Failing to inject Network Fault

gitRam18 commented 4 years ago

Describe the issue: I am trying mangle deployed in a openshift environment. I am trying to inject a network fault (packet delay or packet duplication) on a remote linux machine within my organizational network but the networkFault script is failing with an error as below:

com.vmware.mangle.utils.exceptions.MangleException: Precheck Failed with pre-requisites : tc is required, ip is required

The networkFault script got successfully transferred to the machine followed by successful SSH connection to execute the command. The command execution is failing.

Steps to reproduce:

Open mangle via browser, add a remote linux machine as End Point with its uid/pwd as credentials.
Go to Fault Injection --> Network Faults --> Packet Delay
Select remote linux machine as EndPoint, eth0 as Nic name, 1s packet delay, 3s time out
Run Fault.

Logs: 2020-04-24 16:25:07.640 [SystemResourceFaultTaskHelper-1587745499241] DEBUG com.vmware.mangle.task.framework.helpers.CommandInfoExecutionHelper.getAbsoluteCommand (195) - Absolute Command is /home/infra1/temp/networkFault.sh --operation=inject --faultOperation=NETWORK_DELAY_MILLISECONDS --latency=1000 --percentage=0 --nicName=eth0 --timeout=5000 2020-04-24 16:25:07.641 [SystemResourceFaultTaskHelper-1587745499241] INFO com.vmware.mangle.utils.clients.ssh.SSHUtils.runCommandReturningResult (156) - Running Command ... 2020-04-24 16:25:10.471 [SystemResourceFaultTaskHelper-1587745499241] DEBUG com.vmware.mangle.utils.clients.ssh.SSHUtils.runCommandReturningResult (165) - SSH Connected Successfully

2020-04-24 16:25:11.473 [SystemResourceFaultTaskHelper-1587745499241] DEBUG com.vmware.mangle.utils.clients.ssh.SSHUtils.runCommandReturningResult (169) - Command-output: Precheck Failed with pre-requisites : tc is required, ip is required

2020-04-24 16:25:11.474 [SystemResourceFaultTaskHelper-1587745499241] DEBUG com.vmware.mangle.utils.clients.ssh.SSHUtils.runCommandReturningResult (170) - exit-status: 127 2020-04-24 16:25:11.477 [SystemResourceFaultTaskHelper-1587745499241] ERROR com.vmware.mangle.services.tasks.executor.TaskExecutor.runTask (231) - Task Execution Failed. Reason: ErrorCode : FI0015, ErrorMessage : Execution of Command: /home/infra1/temp/networkFault.sh --operation=inject --faultOperation=NETWORK_DELAY_MILLISECONDS --latency=1000 --percentage=0 --nicName=eth0 --timeout=5000 failed. errorCode: 127 output: Precheck Failed with pre-requisites : tc is required, ip is required . com.vmware.mangle.utils.exceptions.MangleException: Precheck Failed with pre-requisites : tc is required, ip is required

Expected Behavior: Packet delay should have been injected on to the machine and the device eth0

Additional Info: I tried a similar script (networkFault.sh) on the machine directly and able to inject the fault. I used the same user credentials as entered in mangle. I also verified the tc & ip utilities are available on the machine and able to run them manually.

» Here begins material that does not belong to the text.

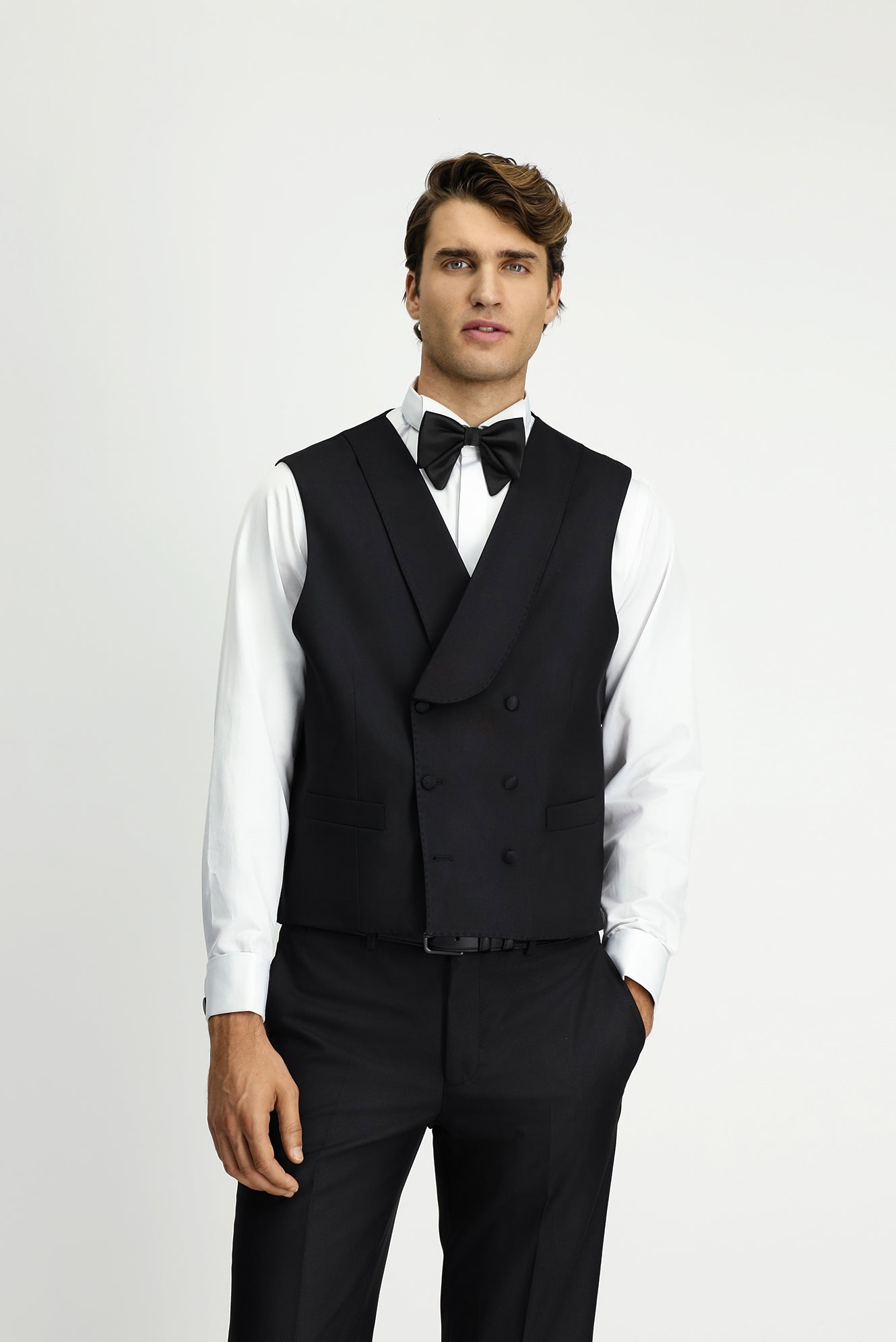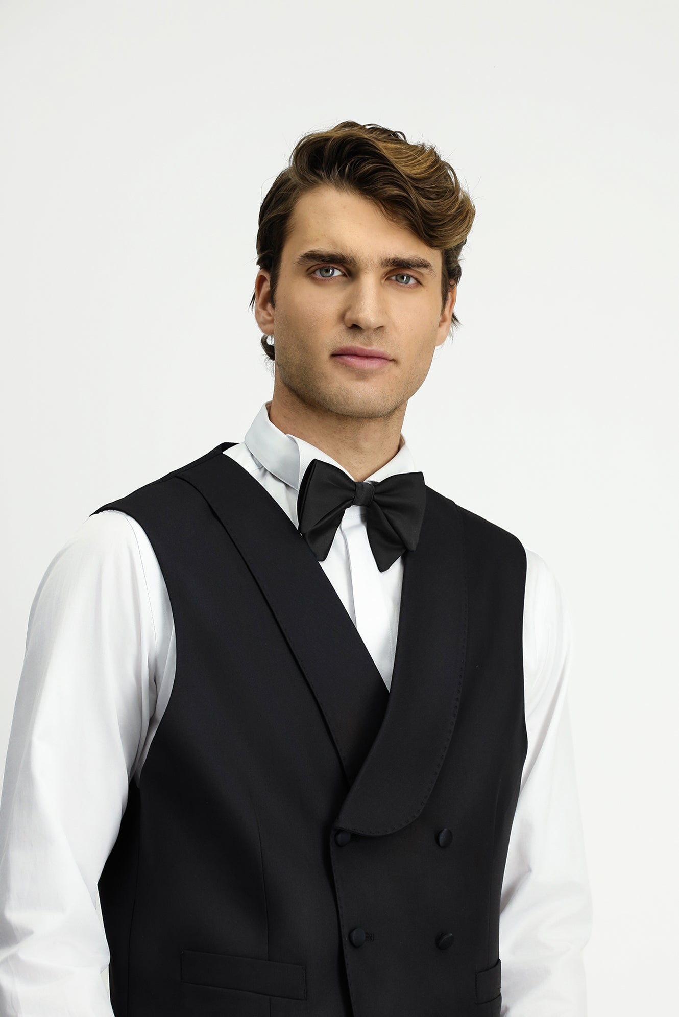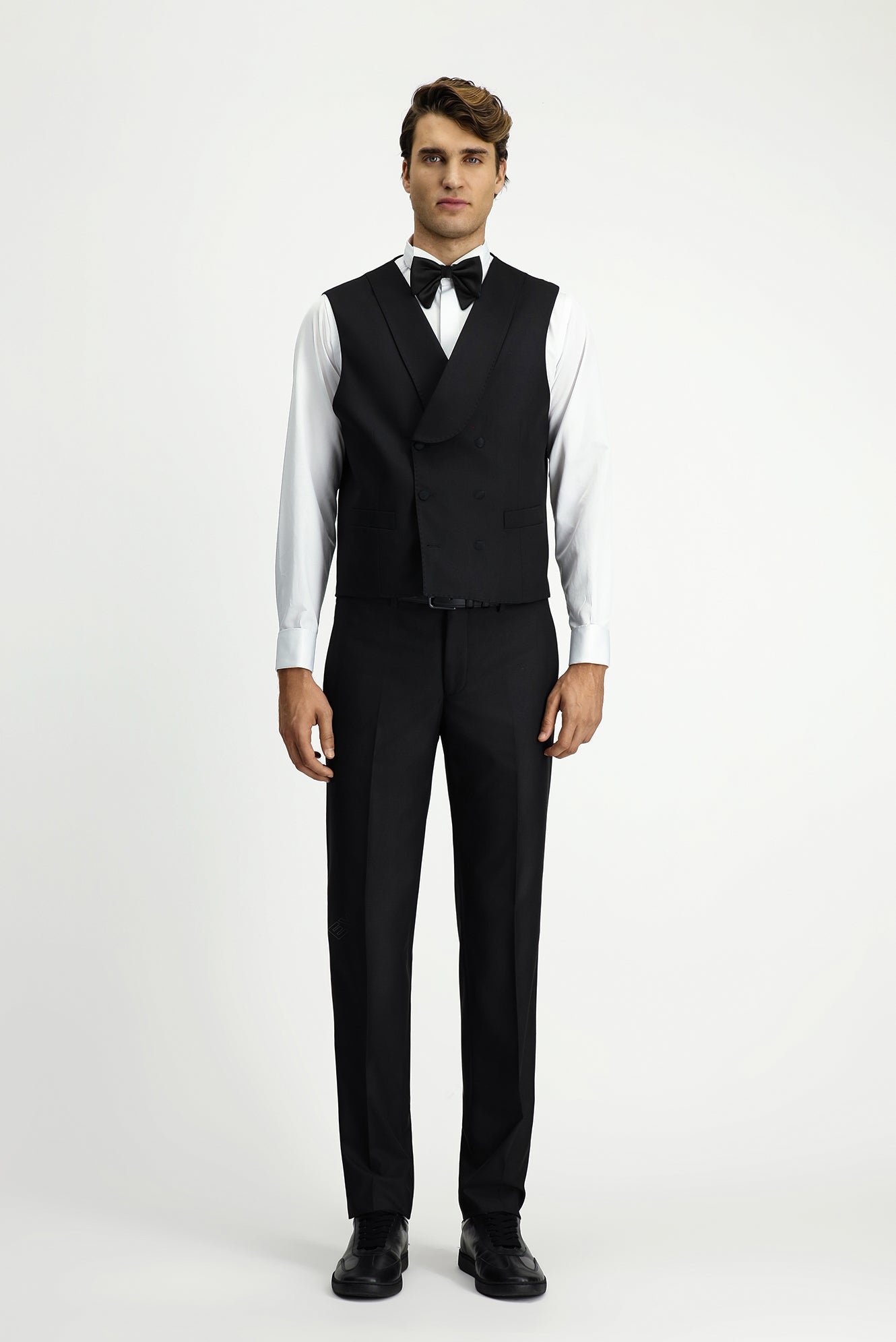 Siyah Regular Fit Kruvaze Klasik Smokin Yelek

jayasankarr1990 commented 4 years ago

This looks strange.If the script ran successfully ,ideally it should run when triggered from mangle as well. Can you share the output when you run the script on the machine.The inputcommand and output

gitRam18 commented 4 years ago

Here is the output of the commands I ran on the same machine with same user and from the same folder as I mentioned in mangle to copy the script:

infra1@uklvadsb0257[DEV][~] $ cd temp

infra1@uklvadsb0257[DEV][temp] $ whoami infra1

infra1@uklvadsb0257[DEV][temp] $ pwd /home/infra1/temp

infra1@uklvadsb0257[DEV][temp] $ tc qdisc show qdisc noqueue 0: dev lo root refcnt 2 qdisc mq 0: dev eth0 root qdisc pfifo_fast 0: dev eth0 parent :4 bands 3 priomap 1 2 2 2 1 2 0 0 1 1 1 1 1 1 1 1 qdisc pfifo_fast 0: dev eth0 parent :3 bands 3 priomap 1 2 2 2 1 2 0 0 1 1 1 1 1 1 1 1 qdisc pfifo_fast 0: dev eth0 parent :2 bands 3 priomap 1 2 2 2 1 2 0 0 1 1 1 1 1 1 1 1 qdisc pfifo_fast 0: dev eth0 parent :1 bands 3 priomap 1 2 2 2 1 2 0 0 1 1 1 1 1 1 1 1 qdisc noqueue 0: dev docker0 root refcnt 2 qdisc noqueue 0: dev veth608d37b root refcnt 2 qdisc noqueue 0: dev vethdc27dc7 root refcnt 2

infra1@uklvadsb0257[DEV][temp] $ tc qdisc add dev eth0 root netem delay 500ms RTNETLINK answers: Operation not permitted

infra1@uklvadsb0257[DEV][temp] $ sudo tc qdisc add dev eth0 root netem delay 500ms

infra1@uklvadsb0257[DEV][temp] $ tc qdisc show qdisc noqueue 0: dev lo root refcnt 2 qdisc netem 8018: dev eth0 root refcnt 5 limit 1000 delay 500.0ms qdisc noqueue 0: dev docker0 root refcnt 2 qdisc noqueue 0: dev veth608d37b root refcnt 2 qdisc noqueue 0: dev vethdc27dc7 root refcnt 2

infra1@uklvadsb0257[DEV][temp] $

djb4ai commented 4 years ago

@jayasankarr1990 I tried the same thing, I think the tc command is not found because /sbin is not in PATH when its run on the fly with ssh, when I ran $ssh username@ip "export PATH='/sbin:$PATH';tc" it worked fine.

aswathy-ramabhadran commented 4 years ago

@jayasankarr1990 I tried the same thing, I think the tc command is not found because /sbin is not in PATH when its run on the fly with ssh, when I ran $ssh username@ip "export PATH='/sbin:$PATH';tc" it worked fine.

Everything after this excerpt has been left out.